= Bleach balloon =

Balloons filled with bleach

Bleach balloons, also known as bleach bombs, are water balloons filled with bleach as opposed to water.

==Incidents at the University of Texas==
In 2012, there were multiple incidents of balloons allegedly filled with bleach thrown at students between the months of June and September at the University of Texas. Four students filed reports with the UT police department, which were followed by protests from students, faculty, and alumni. The students who filed reports came forward once they were contacted by the UT police department. They had heard of the incidents and were concerned as to why the students had not already reported what happened. The students reported that the incidents took place near apartments in West Campus, an area located just off campus. The UT police have not been able to prove that there was in fact bleach in the balloons, but it has been investigated.

The most recent incident occurred on August 21, 2013 to a 21-year-old student by the name of Bryan Davis while walking to a friend's house. He was reportedly struck in the leg by a bleach-filled balloon while walking by an apartment in West Campus. This event was also looked at as being not only physically dangerous, but potentially racially driven. However, upon further investigation and forensic testing, the balloon was confirmed to only have contained water.

==Other occurrences==
In 2010, a bleach balloon attack was reported in Atlanta, Georgia. It was reported that four high school students threw bleach balloons from a van at a Hispanic, male seventh grader who was walking home from school. The seventh grader, Miguel Mesa, was temporarily blinded upon being struck directly in the face. Two of Mesa's classmates called the police and were able to describe the van's appearance. The driver of the van was identified and arrested, the other three turned themselves in. The suspects told police they were only trying to ruin Mesa's clothing. No information was given or discussed on the possibilities of the attack having racist intentions. Mesa's vision returned after undergoing numerous medical treatments.

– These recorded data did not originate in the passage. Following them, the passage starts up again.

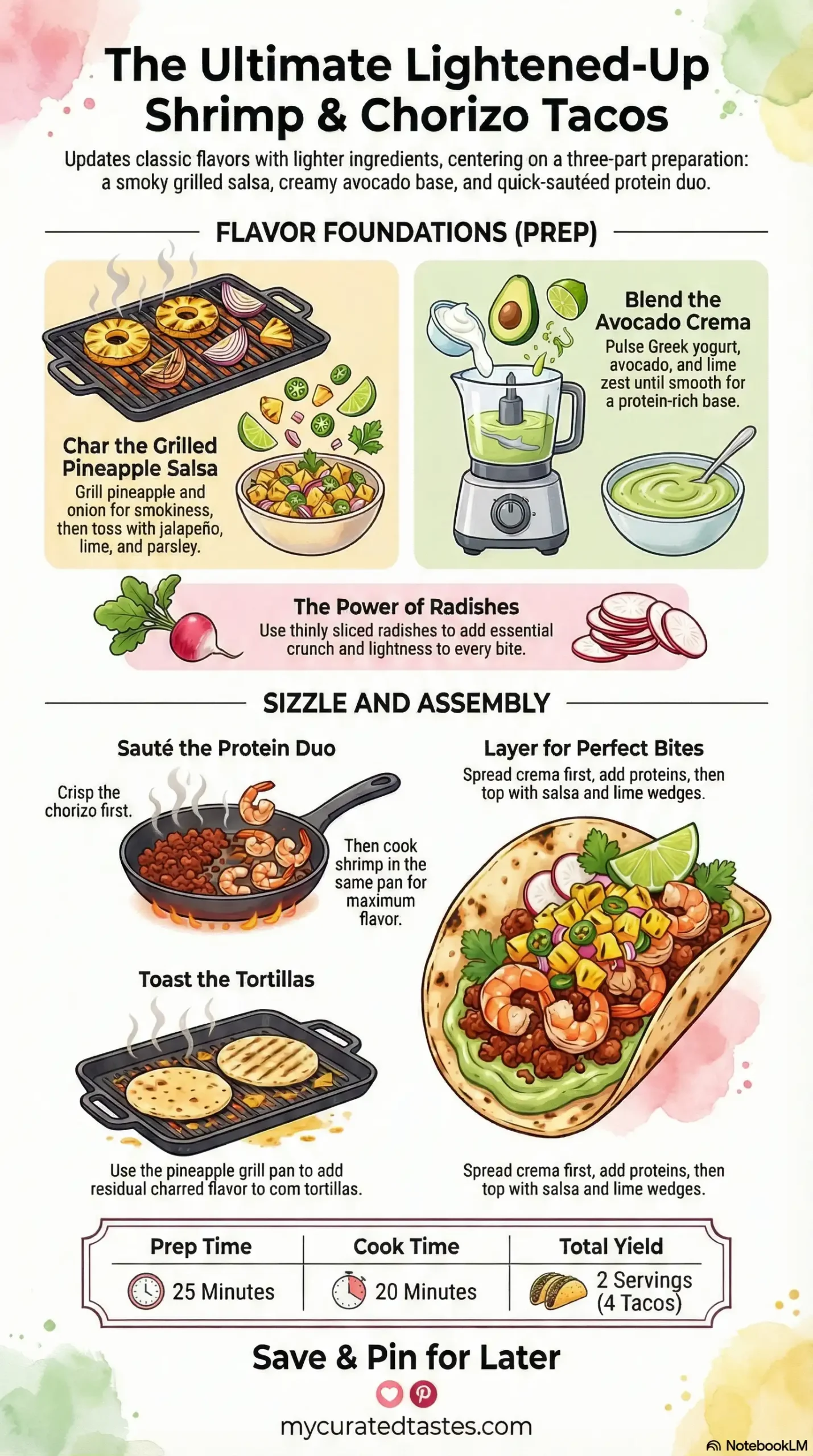 - It is time to assemble the tacos. I spread on some of the avocado crema, then add the shrimp and chorizo mixture. Top with the pineapple salsa and sliced radishes. Serve with lime wedges on the side.
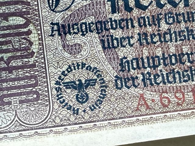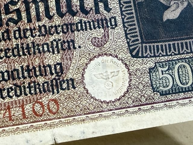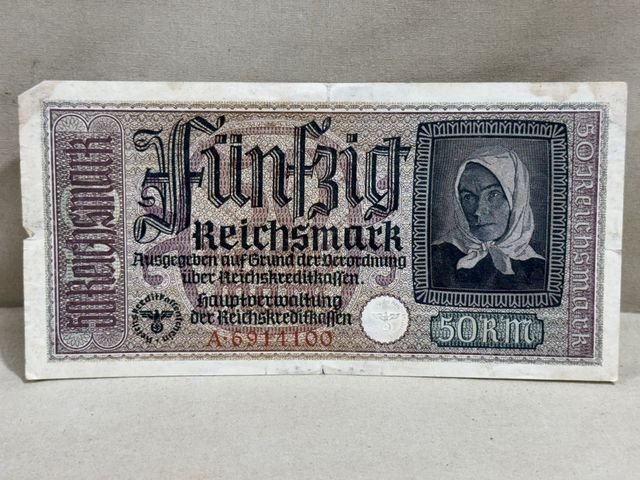 Original Nazi Era German 50 Reichsmark Note
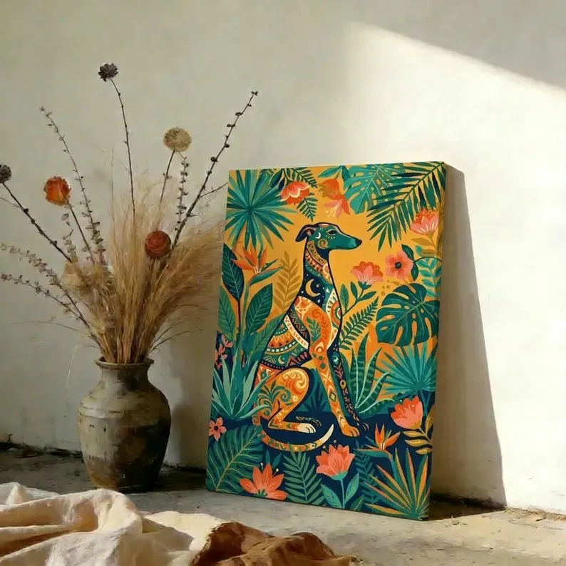 ✨🐕 Bohemian Tropical Greyhound Paint by Numbers Kit🌴 Bring bold, vibrant bohemian charm to your home with this eye-catching maximalist DIY painting kit — no painting experience required!
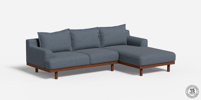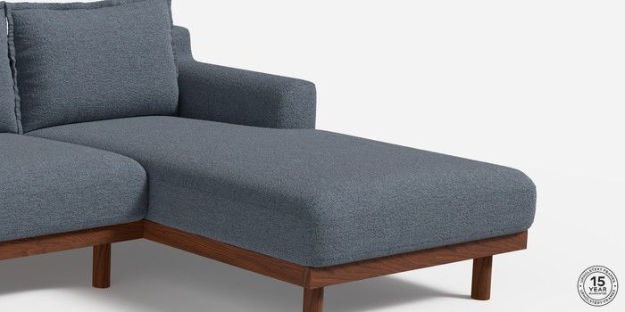 6.12.1 Buy Turin by Made Medium Sofa Chaise - Right Hand Boucle Textured Weave Slate Blue Plinth - Walnut from the Laura Ashley online shop Click here to use our website with more accessibility support, for example screen readers
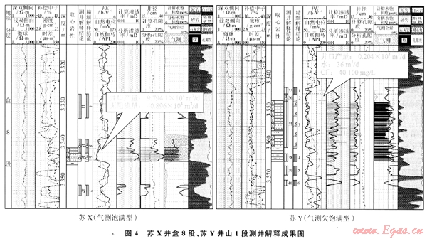蘇X井盒8段(圖4),峰形飽滿,全烴顯示厚度比儲(chǔ)層厚度大,氣測解釋為氣層,電測解釋氣層,綜合分析解釋為氣層,試氣獲無阻流量9.7914×104m3/d的工業(yè)氣流。蘇Y井山1段(圖4),全烴峰值顯示較低,峰形不飽滿,全烴顯示厚度小于儲(chǔ)層厚度,氣測解釋為氣水同層,電測解釋為差氣層,綜合分析為氣水同層。經(jīng)測試井口產(chǎn)量0.035 4×104m3/d,水36m3/d,驗(yàn)證了利用聲波時(shí)差 電阻率圖版法與氣測綜合分析判斷識(shí)別氣水層的準(zhǔn)確性。
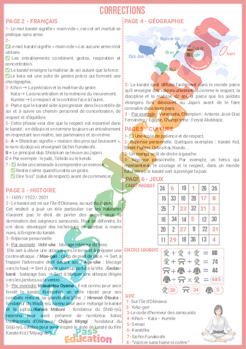 Correction Karaté – Cahier de vacances – 5ème – 4ème – 3ème pdf
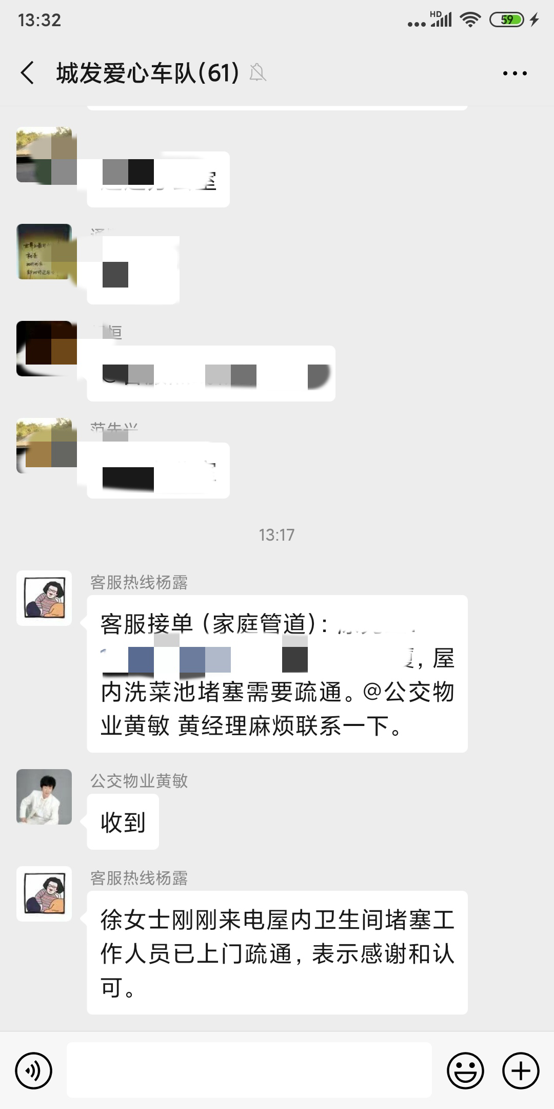 特殊時(shí)期,通成物業(yè)公司義務(wù)為市民疏通管道的場(chǎng)景在不斷上演,“疫情面前,溫暖無處不在,感謝工作人員免費(fèi)提供服務(wù)”“疫情當(dāng)前,服務(wù)隊(duì)免費(fèi)上門疏通管道,為你們點(diǎn)贊!”……類似的短信、表?yè)P(yáng)來電在服務(wù)隊(duì)工作群里比比皆是。
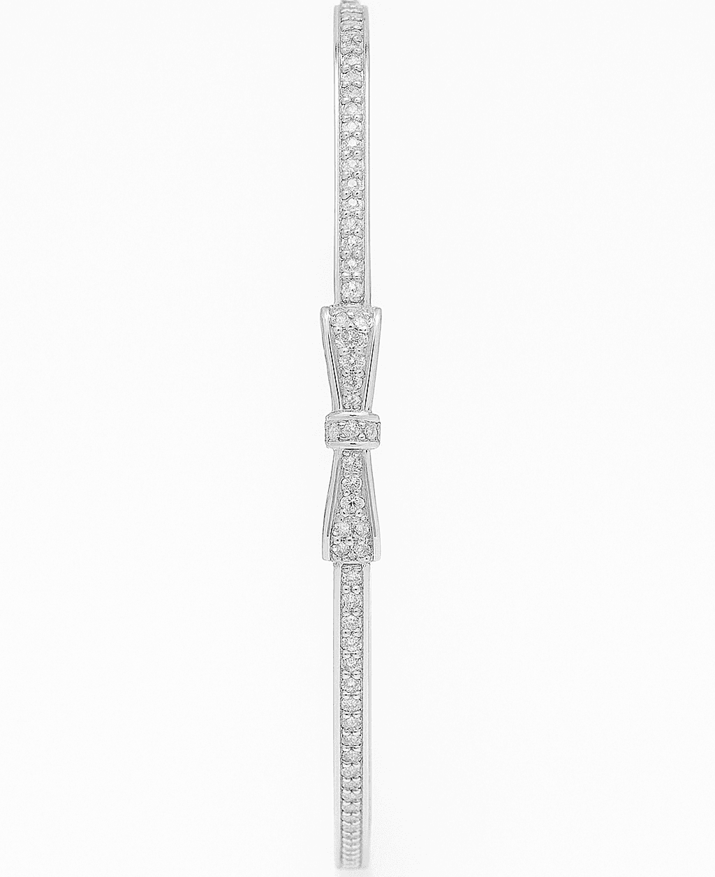 A graceful 925 sterling silver kada featuring a sleek bow-shaped centerpiece, beautifully paved with crystals for a refined sparkle.
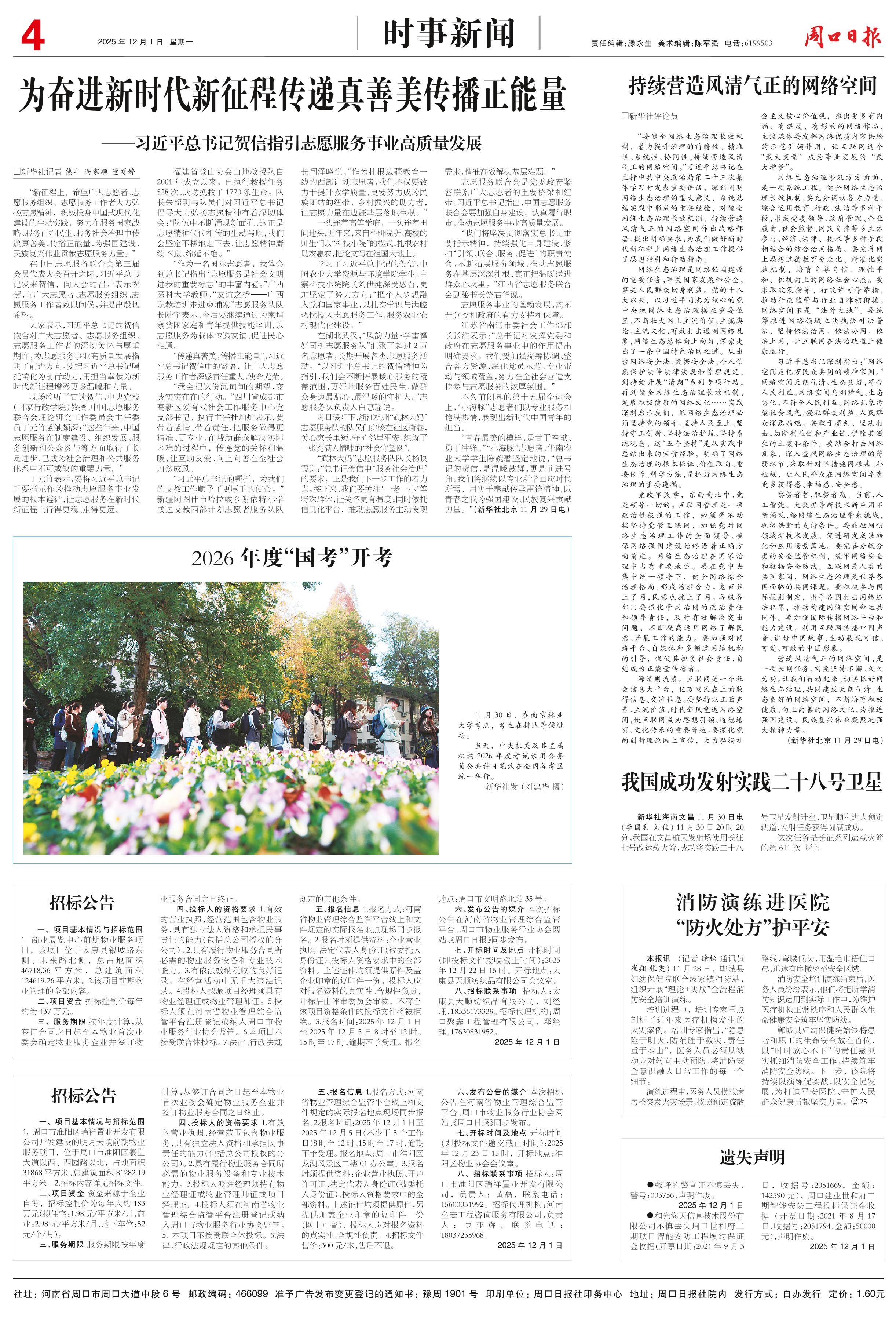 <div style='font-size: 22px!important;line-height: 34px!important;text-align: justify!important;color: #000!important'>我国成功发射实践二十八号卫星</div><div style='font-size: 14px!important;line-height: 22px!important;text-align: left!important;color: #777!important;margin-top: 20px;'>周口日报  2025-12-01</div><div><img id='paperImg' style='max-width: 100%;height: auto' src='//img.founderfx.cn/epaper/202511/30/d890bf46fdb64da6849321fa497e27a9/4.jpg' alt='' class='page-img'/></div><p> 新华社海南文昌11月30日电 (李国利 刘佳) 11月30日20时20分,我国在文昌航天发射场使用长征七号改运载火箭,成功将实践二十八号卫星发射升空,卫星顺利进入预定轨道,发射任务获得圆满成功。</p><p> 这次任务是长征系列运载火箭的第611次飞行。</p>

Further back, in 2005, another racial attack with the use of bleach was reported in the Netherlands. A 16-year-old girl from Ethiopia was walking with some friends when a 25-year-old male threw bleach on her. As he threw the bleach he yelled, "This will make you whiter". The girl was not seriously hurt, and the man was arrested for assault and hate speech.

==Defense and related incidents==
The response from the university is that the balloon thrown in August 2013 appears to have been filled with only water, and they sent clothing and pieces of the balloon away for further forensic testing. Authorities claim that they had difficulty verifying that these were racially motivated because there were reports that claim that non-minority students have been hit also but the fact remains that a majority of students targeted have indeed been minority. Sources who were interviewed by the Huffington Post, who wished to be remain anonymous, claimed that as early as 2007, there had been bleach-filled balloons dropped on groups of women participating in sorority rush. They also claimed that bleach-bombing incidents are common and may occur "maybe once or twice a month."